- What the exercise asks
Leave the pictures out and quote only the lines from the one with "Oakwood NE on" down to the end of the listing below.

- Records provided

>>>>

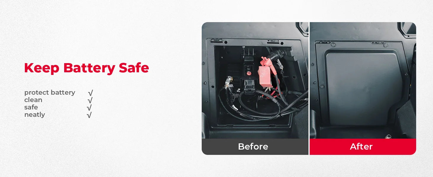 This battery cover serves as a protective shield, safeguarding the original car battery from dust, mud, and other debris. Its purpose extends to facilitating easy cleaning of the battery area.
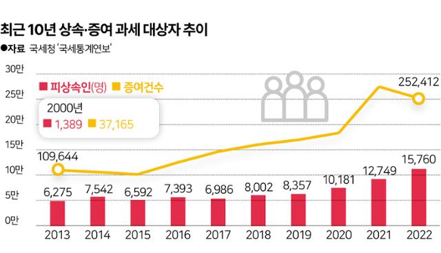 상속·증여세 납부 건수 자체가 늘고 있다는 분석이 뒤따른다. 2022년 1만5,760명으로 집계된 과세 대상 피상속인 수는 마지막으로 과표 구간을 조정한 2000년(1,389명)에 비하면 11배 많아졌다. 비율로 따져도 상속이 발생했을 때 상속세를 내야 하는 사람 비중은 같은 기간 0.7% 수준에서 4.5%로 높아졌다. 증여세 과세 건수 역시 3만7,165건에서 25만2,412건으로 급증했다. 국세청 관계자는 "부동산 등 시장 활성화로 자산가치가 상승하면서 과세 대상과 세수가 늘어나는 경향이 큰 것으로 보고 있다"고 설명했다.
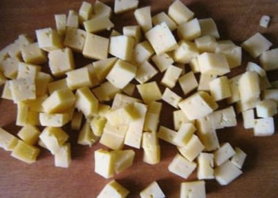 - We snijden de harde kaas op dezelfde manier - snijd hem in kleine blokjes.
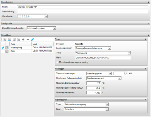 Voor een koellast- of warmteverlies berekening hoeven/kunnen geen opwekkers te worden ingevoerd. Voor gebouwsimulatie uiteraard wél. Hoe moet nu de hybride warmtepomp worden ingevoerd?
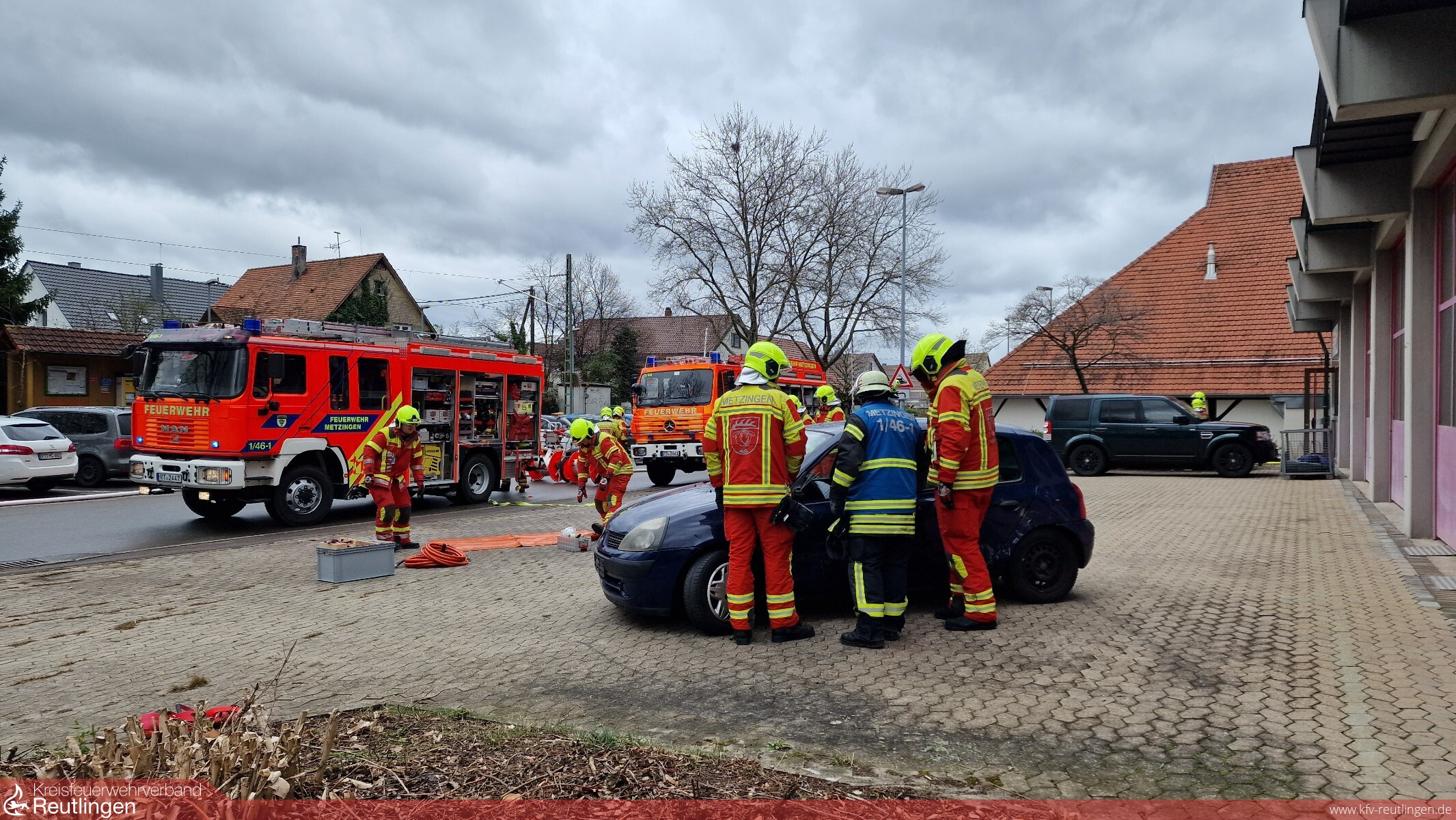 Am alten Feuerwehrhaus in Neuhausen wurde angenommen, dass ein Kraftfahrzeug in das Gebäude fuhr. Der Unfallverursache wurde dabei in seinem Fahrzeug eingeklemmt. Durch auslaufenden Kraftstoff kam es im Inneren des Gebäudes zu einem Brand. Mit mehreren Atemschutztrupps wurde der Brandort aufgesucht und das Feuer bekämpft. Außerdem suchten weitere Atemschutztrupps das Gebäude nach Personen ab und retteten sie ins Freie. Der eingeklemmte Fahrzeuglenker wurde mittels hydraulischen Rettungsgeräten aus seinem Fahrzeug befreit.
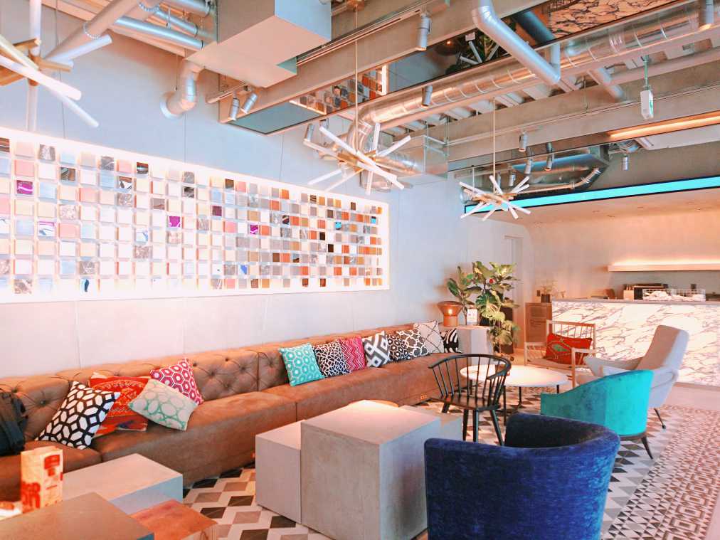 フロントのある4階の奥には、とってもおしゃれなラウンジが!ドロップイン料金を支払えば、ラウンジはもちろんセルフキッチン(食材は持ち込み)の使用もできるほか、朝はパンが食べ放題、コーヒーも終日無料で飲むことができます。
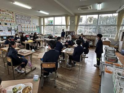 今日は給食記念週間の集会でしたが、寒さのためにオンラインに変更実施しました。泉 先生ありがとうございました。
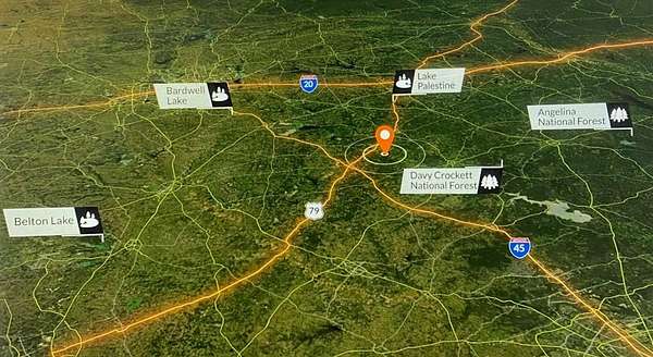 Oakwood NE on Broad St turn Rt on FM 542 GO 5.4 mi turn Rt on CR 242 property on Lft Palestine SW on Ave A turn Lft on Sycamore St turn Rt on FM 322 0.5 mi turn Lft on US 84W turn Lft on W Palestine Ave keep Lft US 79S Buffalo turn Lft on FM 542 4.5 mi turn Rt on CR 242 property on Lft
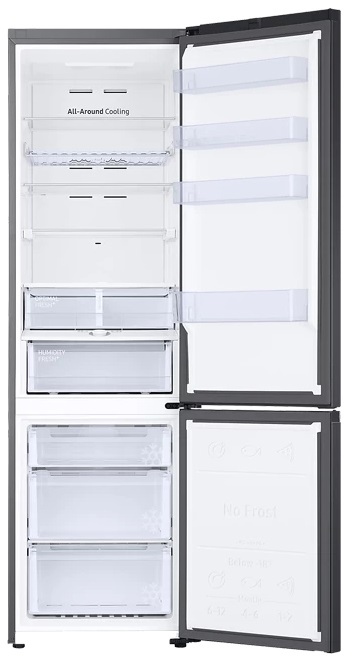 Refr/com Samsung RB38T676FB1/UA (203см/400л/А+/Full NoFrost) Холодильник комби, нижнее распололожение морозильника Размораживание - Full NoFrost Общий объем 360 л. Объем холодильной камеры 273 л Объем морозильной камеры 112 л

<<<<

- Written response
 Oakwood NE on Broad St turn Rt on FM 542 GO 5.4 mi turn Rt on CR 242 property on Lft Palestine SW on Ave A turn Lft on Sycamore St turn Rt on FM 322 0.5 mi turn Lft on US 84W turn Lft on W Palestine Ave keep Lft US 79S Buffalo turn Lft on FM 542 4.5 mi turn Rt on CR 242 property on Lft
 Refr/com Samsung RB38T676FB1/UA (203см/400л/А+/Full NoFrost) Холодильник комби, нижнее распололожение морозильника Размораживание - Full NoFrost Общий объем 360 л. Объем холодильной камеры 273 л Объем морозильной камеры 112 л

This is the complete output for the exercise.